Unlike "Nanette," however, in which Gadsby takes issue with the push for oppressed people to make self-deprecating jokes, Burnham aims at voices with power, including his own. And when he trolls white-male comedy in particular as "making a literal difference, metaphorically," it lays bare the irony of using self-critique as an approval stamp to continue the very thing he is critiquing.

Burnham's self-accountability includes publicly apologizing for the problematic content of his earlier years, shirtless and sweating, in a strange sexualization of white-male-self-awareness. Characters like the anti-establishment sock puppet Socko — who eventually gets pulled off Burnham's hand to shut him up — name these tensions and contradictions ("Why do you rich f*cking white people insist on seeing every sociopolitical conflict through the myopic lens of your own self-actualization?").

"Inside" exposes this type of self-awareness as a new brand of white male social justice, set alongside an impressive taxonomy of 21st-century white man tropes, including an unbearable "social brand consultant." Lyrical juxtapositions like "the whole world at your fingertips, the ocean at your door" and "a book on getting better hand delivered by a drone" further critique self-actualization through consumption, particularly digital consumption and information overload, picking up on themes from Burnham's 2018 film "Eighth Grade."
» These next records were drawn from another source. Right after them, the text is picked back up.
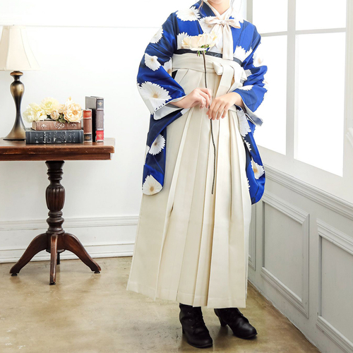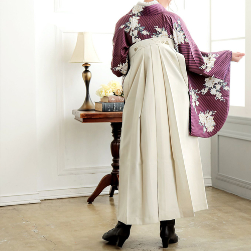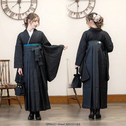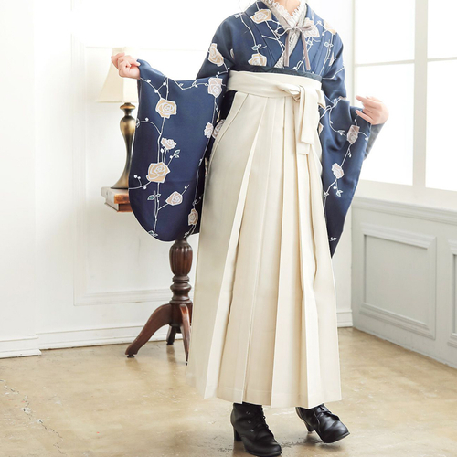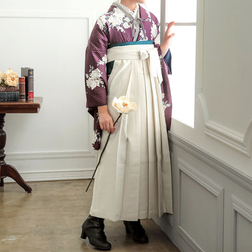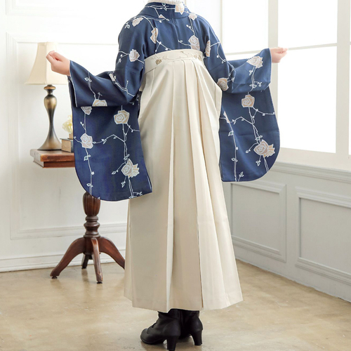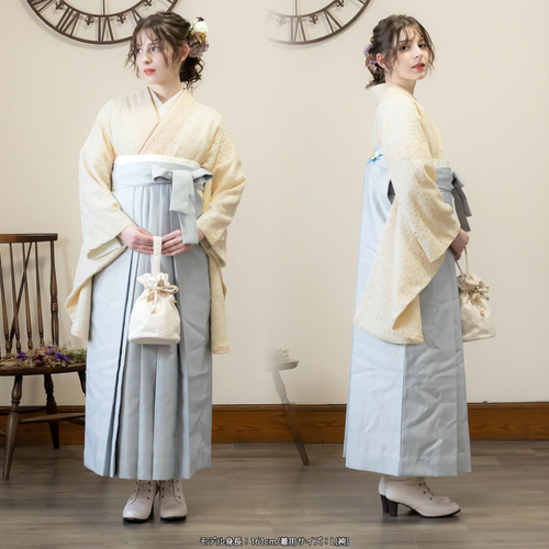 卒業式の袴スタイルにぴったりなレース二尺袖着物と椿刺繍の袴に、帯と襦袢もついた4点セットです。二尺袖は、まるでレースのワンピースのような清楚な雰囲気で、袴と合わせて着付けやすい短丈タイプです。袴は、腰の部分の椿の刺繍がかわいい、後ろ姿が自慢の袴です。草履はもちろん、ブーツを合わせたモダンな着こなしにも。行燈袴(あんどんはかま)で中仕切りのないスカートタイプ。袴の生地はお手入れしやすいポリエステル素材です。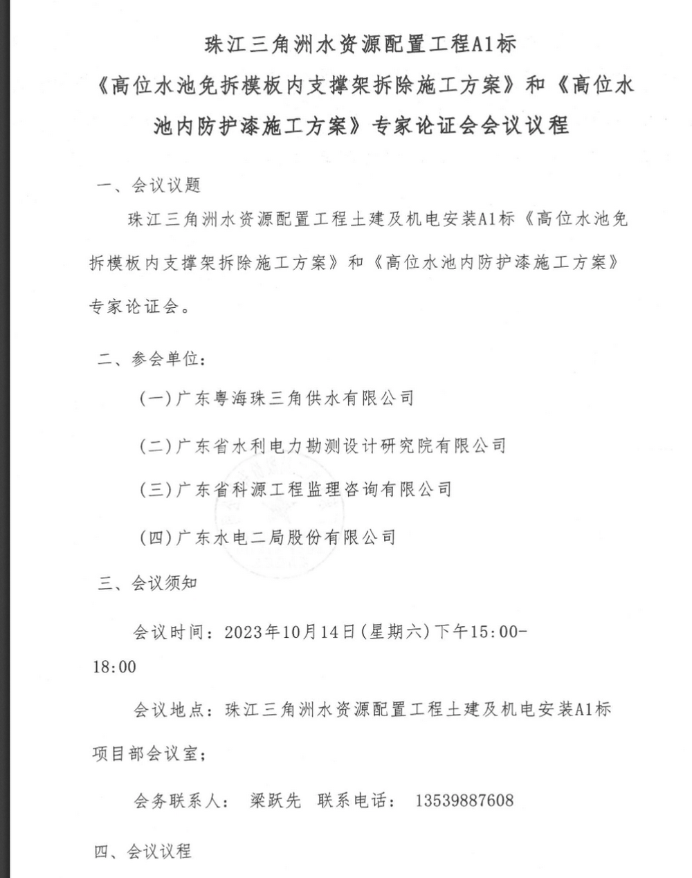 2023年10月14日,A1标鲤鱼洲高位水池专项施工方案评审会议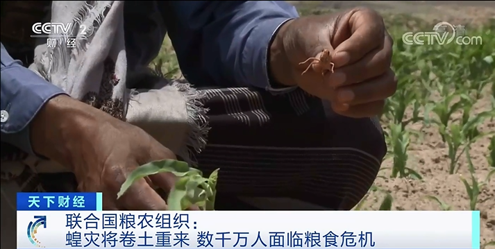 | 今年年初开始,东非、西非、西亚和南亚地区的将近20个国家遭遇严重蝗灾,大片农田和作物被毁坏。 当地时间5月11日,联合国粮农组织发布报告称,在东非和也门,由于气候条件仍然利于蝗虫繁殖,蝗灾可能会在农作物收获的六月卷土重来,粮食危机的风险并未消除。 根据联合国粮农组织发布的最新报告:今年以来,包括吉布提、埃塞俄比亚、索马里、也门等十个国家受到蝗灾影响,已经有365000多公顷土地经过了防灾治理。 然而,由于前一拨蝗虫已经完成繁殖,大批幼虫将在今年六月,也就是东非地区农民准备收割作物的关键时期发育为成虫。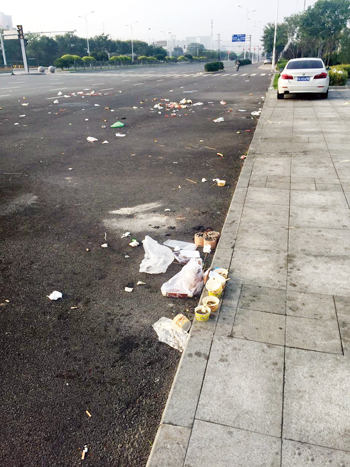 城區(qū)高鐵廣場前,慕山路與雁門大道丁字路口,每天晚上有小商販在此經(jīng)營,本無可厚非,但每天產(chǎn)生的垃圾,既影響市容環(huán)境,還給環(huán)衛(wèi)工人增加了工作量,呼吁市民及小商販愛護環(huán)境,也希望相關部門管理維護公共環(huán)境。一網(wǎng)友攝于8月22日

Many of the special's early songs could have been pre-pandemic critiques of whiteness and social media culture, particularly his song trolling white women's Instagram lives, where Burnham ironically uses digital projections to depict a white woman living a fun, quirky life during a global pandemic. Similarly, the consistent references to the corporatization of movements resonates at a moment in capitalism in which Target carries a "Pride" line and Netflix markets a "Black Lives Matter Collection."
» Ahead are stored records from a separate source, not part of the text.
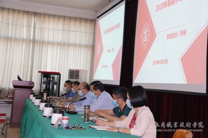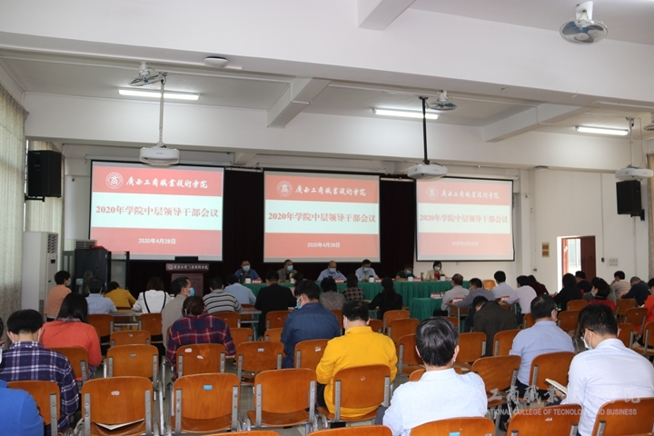 4月28日上午,我院于鵬飛校區教學樓報告廳召開學院2020年中層領導干部會議。本次大會由學院黨委書記覃武云主持,院長李維在會上做開學工作報告。我院在校領導班子成員參加會議。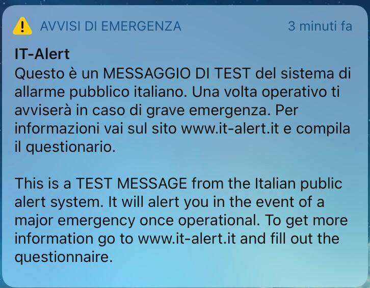 L’obiettivo è che It-alert possa avvisare la cittadinanza in futuro in caso di gravi emergenze o catastrofi ambientali. La prima giornata di test si è svolta in Toscana, dove è stato inviato un messaggio di “prova” su tutti i cellulari.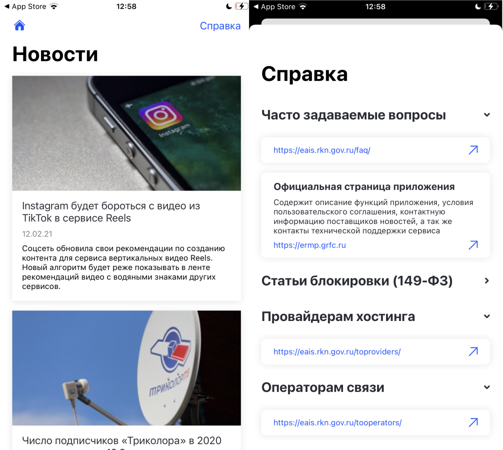 Отсюда же можно перейти в справочный раздел, где можно ознакомиться с FAQ, информацией о самом приложении, почитать статьи 149-ФЗ и получить информацию для провайдеров и операторов связи.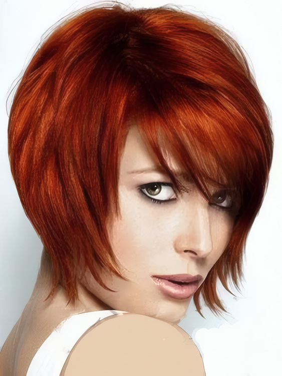 Beautiful hair! I love the style, length and texture! Great for my Black Widow costume. Not as bright a red as in photo, but will be perfect anyway. Thanks!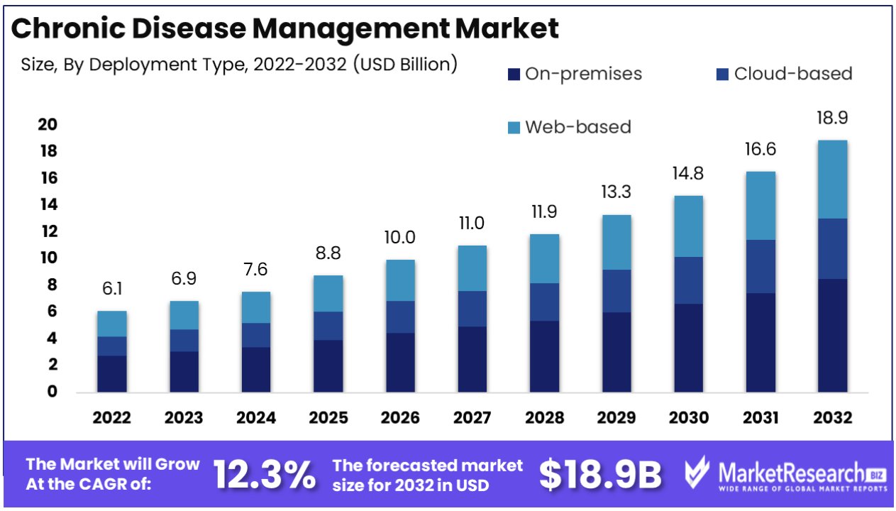 New York, Oct. 31, 2023 (GLOBE NEWSWIRE) -- In 2022, the global chronic disease management market reached USD 6.1 billion, poised for substantial growth and projected to hit USD 18.9 billion by 2032, growing at a CAGR of 12.3%. Chronic disease management represents a patient-centered approach to health care where ongoing care for acute medical conditions is prioritized. This holistic approach includes a variety of interventions, from personalized medication regimens to lifestyle changes, all aimed at relieving symptoms and preventing complications. Through effort, not only does it increase patient satisfaction, but it also helps to reduce unnecessary hospitalizations and overall healthcare costs. Worldwide, the important role of chronic diseases is increasingly recognized.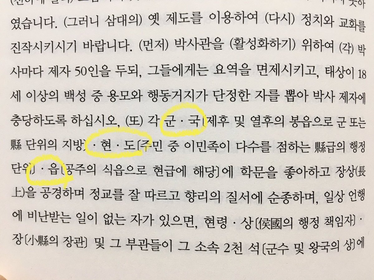 한나라시대의 지방 편제. 근현제.. 군.국 - 현.도 - 읍 이라는 체제… 제후는 군-현, 열후는 국-도, 공주에게는 읍을… 이런 제도의 흔적(명칭)이 현재까지 우리나라에 남아 있다. posted at 21:40:41 2022/08/25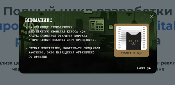Для спецпроекта было создано отдельное промо в соцсетях, которое полностью погружает человека в историю. Но не вся аудитория приходит оттуда, поэтому для тех, кто попал на сайт с внешних источников, мы дали краткое объяснение в начале. То есть человек может пройти историю, не понимая всего лора, и получить 100% впечатления, а может быть знать все тайные подсказки и погрузиться на 200%.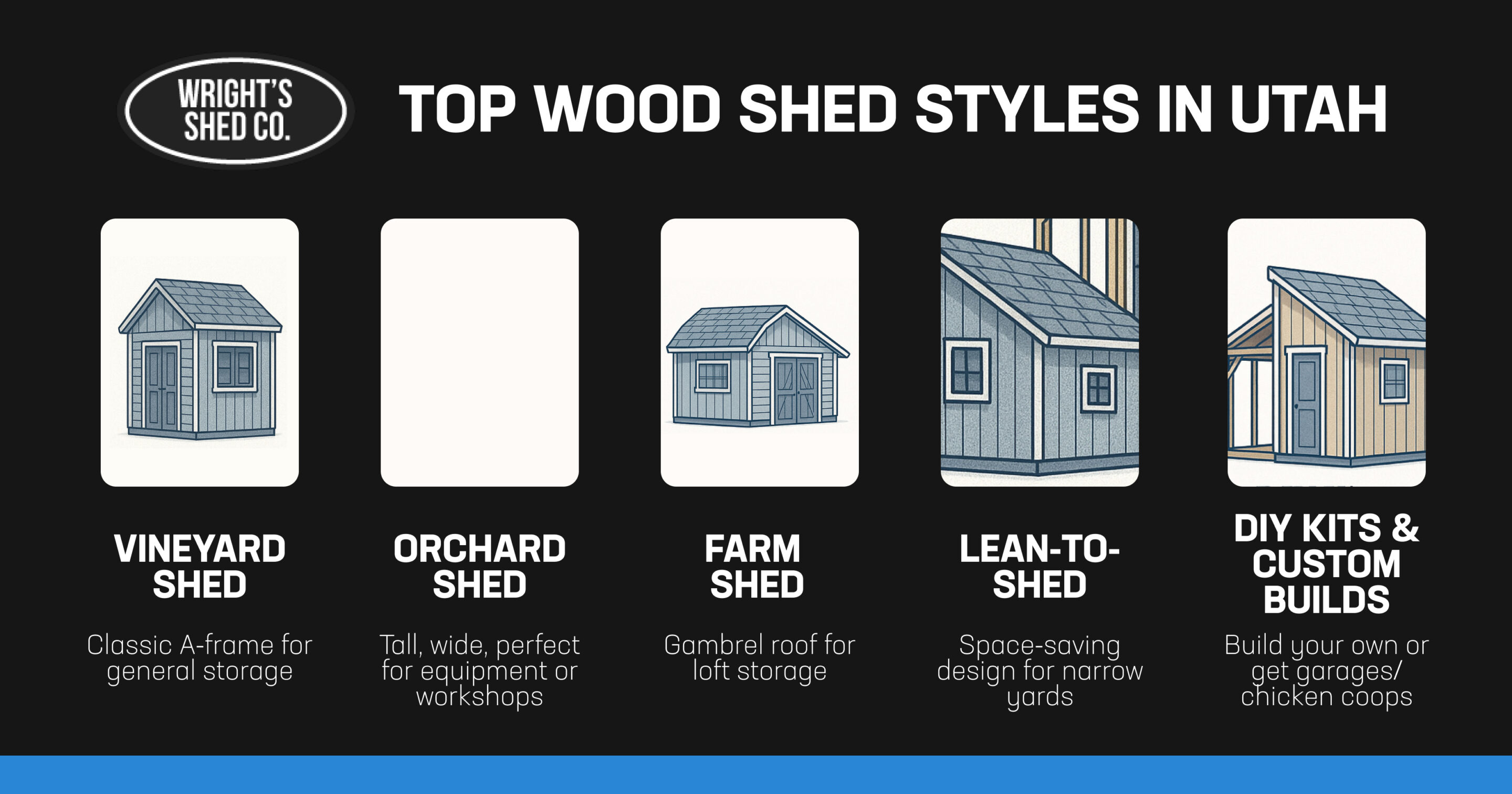 Graphic showcasing popular wood shed styles in Utah, including vineyard, orchard, farm, lean-to sheds, and DIY custom builds.

And yet, something about Burnham's mastery of all these white tropes sat funny with me. Maybe it's the undertones of toxic masculinity in this mastery. Maybe it's the fact that, even before COVID-19, there remains a large market for the very thing Burnham is critiquing: the individual self-deprecating white man who flames himself but is disconnected from larger social struggle, his angst a product of his social and political isolation.
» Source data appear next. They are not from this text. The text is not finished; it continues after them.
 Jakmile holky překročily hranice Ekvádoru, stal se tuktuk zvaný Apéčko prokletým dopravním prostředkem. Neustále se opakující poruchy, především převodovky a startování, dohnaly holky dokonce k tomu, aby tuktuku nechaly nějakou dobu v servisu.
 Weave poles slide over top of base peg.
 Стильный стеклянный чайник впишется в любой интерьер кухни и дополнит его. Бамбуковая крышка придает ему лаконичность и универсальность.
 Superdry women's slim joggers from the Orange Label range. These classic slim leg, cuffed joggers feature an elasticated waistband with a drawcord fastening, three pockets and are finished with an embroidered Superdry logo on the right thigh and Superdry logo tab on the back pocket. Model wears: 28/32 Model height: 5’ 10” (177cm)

Burnham's physical evolution over the course of the show — and the content shift from making-fun-of-white-people to dealing with a spiraling psyche — force a reckoning with the psychological toll of the last year and a half. Repeated lines like "Look who's inside again / went out to look for a reason to hide again" draw attention to the fact that social-media-driven artistic practice and self-isolation have long gone hand in hand.

Bo Burnham in "Bo Burnham: Inside" (Courtesy of Netflix)

Bo Burnham in "Bo Burnham: Inside" (Courtesy of Netflix)

And then, there is the question that we already know the answer to: Who gets to be a tortured artist publicly and show mental health struggles — particularly suicidal ideations — without being pathologized for it? Maybe it's the fact that in "Inside," vague references to racial injustice and climate change remain firmly outside. Maybe it's the fact that the show's mystique dissolved a bit when I read that his studio is actually a stand-alone building in his Los Angeles backyard, a far cry from those who spent lockdowns in small city apartments without a house to retreat to after the workday. Maybe it's the strange feeling of seeing a cisgender white man so free in his body, alone.

We need Burnham to stand for something, not just exist in the endless loop of self-reflexive self-mastery. Otherwise, "Inside" risks serving as a boilerplate for a new privileged-white-male performance of self-awareness through art.

That said, maybe we can measure the success of this special not in masterful effects and production or catchy songs, but in the space it opens up to process and critique the limitations of the art that has gotten us through COVID-19 so far — and to create new genres and forms from their ashes.